James Balog is a conservationist and environmental photographer with a long history of skepticism. Since the 1980s, he would scoff at people speaking about the drastic effects of climate change. After years of these firmly-held beliefs, his mind was changed in one momentous instant. In the early 2000s, he and his crew were in the Arctic on assignment from National Geographic. Seeing glaciers up close, Balog’s worldview turned upside down. He set out to document the majesty and collapse of glaciers all over the world.
What is Glacial Calving?
The North and South Poles are surrounded by massive glaciers made of compacted snow. Calving is the process by which large chunks of ice break off to form icebergs. This is a naturally occurring phenomenon, as glaciers tend to recede and regrow with the seasons. But scientists show that glaciers are shrinking at an increasingly rapid rate all over the world. According to the World Meteorological Organization, glacier collapse is the second largest contributor to rising sea levels.
Too much calving also threatens the supply of freshwater to people living downstream. It can also lead to floods and similar natural disasters. “Preservation of glaciers is not just an environmental, economic and societal necessity,” said WMO Secretary-General Celeste Saulo in a press release. “It’s a matter of survival.”
The Largest Documented Glacier Collapse

It all began with an assignment from National Geographic. James Balog and his colleagues were sent to the Arctic to photograph glaciers for the June 2007 cover story “The Big Thaw”. Until that trip, Balog thought people exaggerated the effects of climate change. “I didn’t think that humans were capable of changing the basic physics and chemistry of this entire, huge planet. It didn’t seem probable, it didn’t seem possible,” Balog said in his 2012 documentary film “Chasing Ice.”
Glacier collapses, and ice loss weren’t the only pieces of evidence that convinced Balog of climate change. He was also shocked by the carbon monoxide levels sealed away in bubbles in the ice. These bubbles contain samples of atmospheric temperatures from previous eras. They showed how temperatures are rising compared to past generations.
While still on assignment from National Geographic, he and his team took photos of glaciers in Iceland and marked the locations.

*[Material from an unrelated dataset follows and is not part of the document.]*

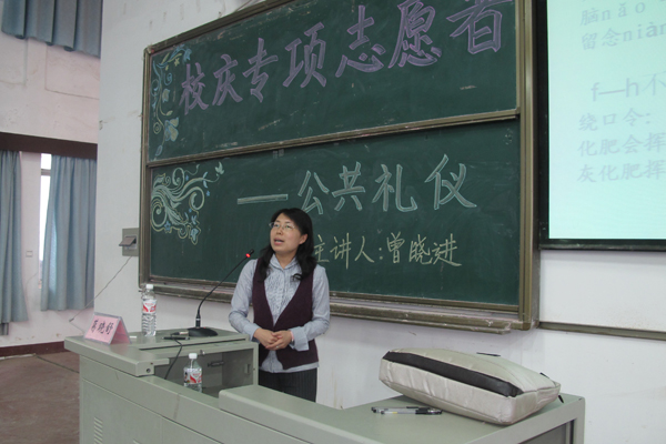 (国家级普通话测试员葛晓舒老师讲解普通话知识与言谈举止) (省级普通话测试员曾晓进老师讲解公共交往礼仪) 5 月 15 日下午,我校校庆专项志愿者第二次培训在我校 1506 教室举行。

Six months later, they returned to those spots, but the landscape had changed so much that they thought they had marked the wrong places. Their photos captured the staggering loss of ice in the area. This inspired Balog to create the Extreme Ice Survey.
The Extreme Ice Survey


For three years, Balog and his team of glaciologists, photographers, and field technicians used time-lapse cameras to document the melting glaciers in real-time. His goal was to provide indisputable, gut-wrenching proof of the climate-change crisis. They placed twelve cameras in Greenland, five in Alaska, five in Iceland, and two in Montana. The cameras, custom-made by the crew, took pictures of the same landscape every hour during daylight hours.

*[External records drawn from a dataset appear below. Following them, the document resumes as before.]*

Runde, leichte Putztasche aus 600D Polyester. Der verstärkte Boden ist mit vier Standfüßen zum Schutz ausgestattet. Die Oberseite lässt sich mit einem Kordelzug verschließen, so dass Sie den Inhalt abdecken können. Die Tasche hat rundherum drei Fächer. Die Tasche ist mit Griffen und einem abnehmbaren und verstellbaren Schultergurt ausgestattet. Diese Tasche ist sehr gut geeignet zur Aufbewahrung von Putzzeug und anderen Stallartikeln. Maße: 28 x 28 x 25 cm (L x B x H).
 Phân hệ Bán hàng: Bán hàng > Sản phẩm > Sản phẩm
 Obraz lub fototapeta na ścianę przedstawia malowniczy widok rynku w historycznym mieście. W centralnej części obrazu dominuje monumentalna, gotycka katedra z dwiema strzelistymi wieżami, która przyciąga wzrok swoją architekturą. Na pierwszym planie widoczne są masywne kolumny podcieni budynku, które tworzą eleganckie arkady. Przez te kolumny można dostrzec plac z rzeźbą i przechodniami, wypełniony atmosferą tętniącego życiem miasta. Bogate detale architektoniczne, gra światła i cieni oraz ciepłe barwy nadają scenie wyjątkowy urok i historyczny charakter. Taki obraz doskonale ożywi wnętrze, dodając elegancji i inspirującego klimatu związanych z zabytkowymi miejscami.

“The stunning thing has been that you can see some really astounding changes to these huge landscapes in astonishingly short periods of time, in some cases a matter of days or weeks,” said Balog in a 2009 interview with National Geographic. “As a layperson who is professionally and technically educated, you walk through these landscapes and think: Well, okay, whatever changes are going to happen here will happen slowly and incrementally. But these cameras are recording changes… happening rapidly and abruptly. That’s the revelation…”

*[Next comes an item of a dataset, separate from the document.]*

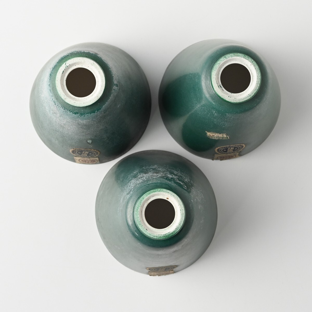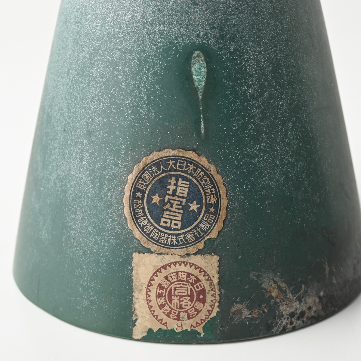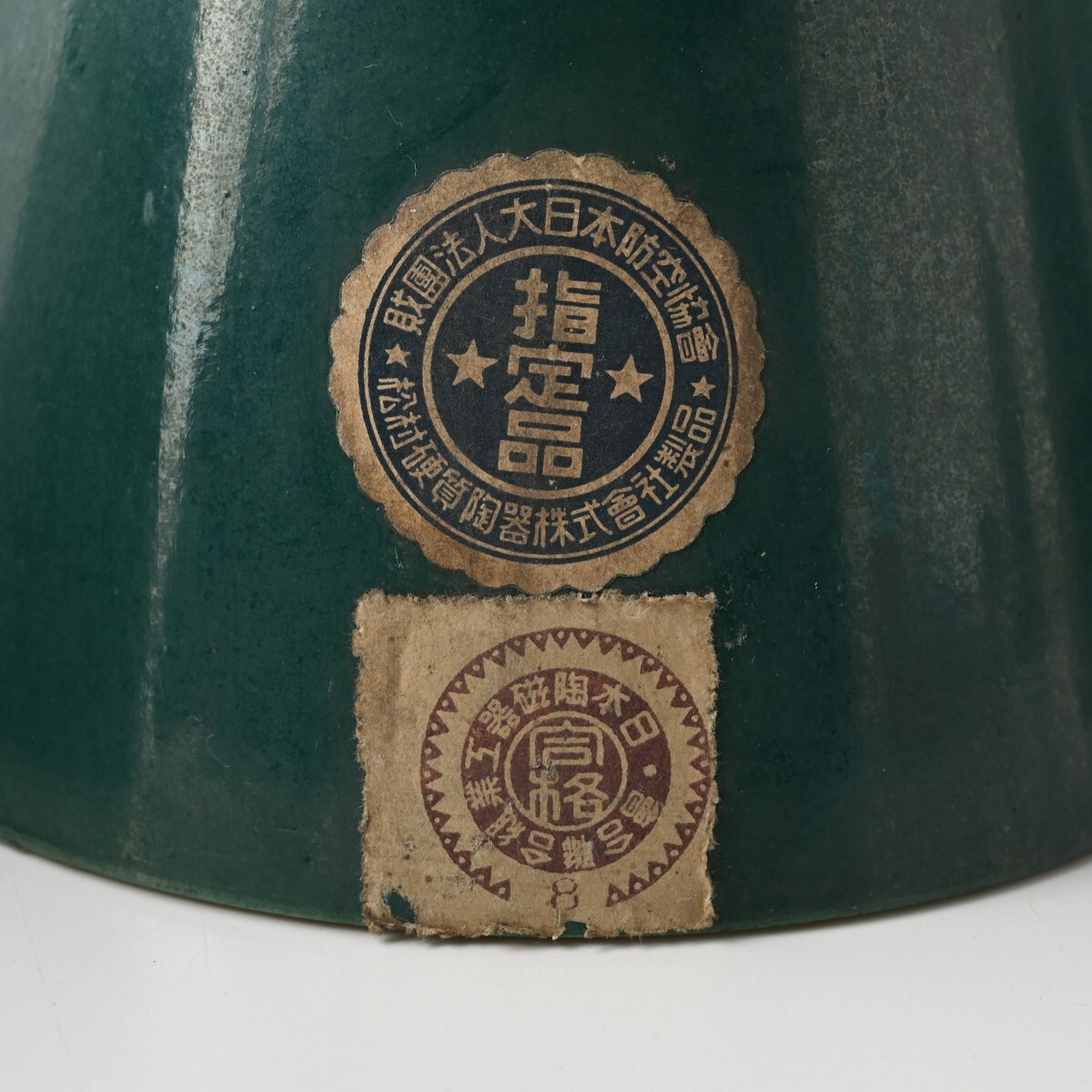 時代照明 電笠 松村硬質陶器株式会社 大日本防空協会 指定品 計3点 陶器製 緑色 グローブ/シェード 電傘 大正 昭和 戦前戦後 骨董 レトロ

The Ilulissat Glacier Collapse

Caption: The Ilulissat Glacier, also known as the Jakobshavn Glacier, is where the EIS team filmed the record-breaking glacier collapse.
The team continuously traveled to the locations to film and perform maintenance. During these visits, they witnessed multiple glacier calving events. However, the most notable was the massive collapse of the Ilulissat Glacier in Western Greenland. The 2016 Guinness Book of World Records called this the largest glacier calving event ever captured on film.
On May 28, 2008, Adam LeWinter and Jeff Orlowski were filming the glacier when they witnessed a large piece of ice begin to calve. Massive chunks of dove in and out of the water. Within two hours, the iceberg had completely melted away. In “Chasing Ice,” Balog describes it as if the entire lower tip of Manhattan melted away in just 75 minutes.
Read More: First-of-Its-Kind Meltwater Eruption Breaks Through Greenland Ice
Chasing Progress


After the success of the “Chasing Ice” documentary, Balog brought the mission to the Southern Hemisphere. There, the team set up cameras to capture glaciers on the Antarctic Peninsula and on South Georgia Island. The Extreme Ice Survey officially wrapped in 2022, and it involves 1.5 million images showing glacial change over the span of 15 years. The collection was archived at the National Snow and Ice Data Center (NSIDC).
“This project was challenging. But I think it’s important to have these images out in the public domain…” said Donna Scott, the programs and projects lead at NSIDC, in a featured interview. “Predicting the details of glacier retreat can be difficult for computer models, and this is a valuable resource to improve our understanding. It helps people to understand climate change when you can visually see the change happening.”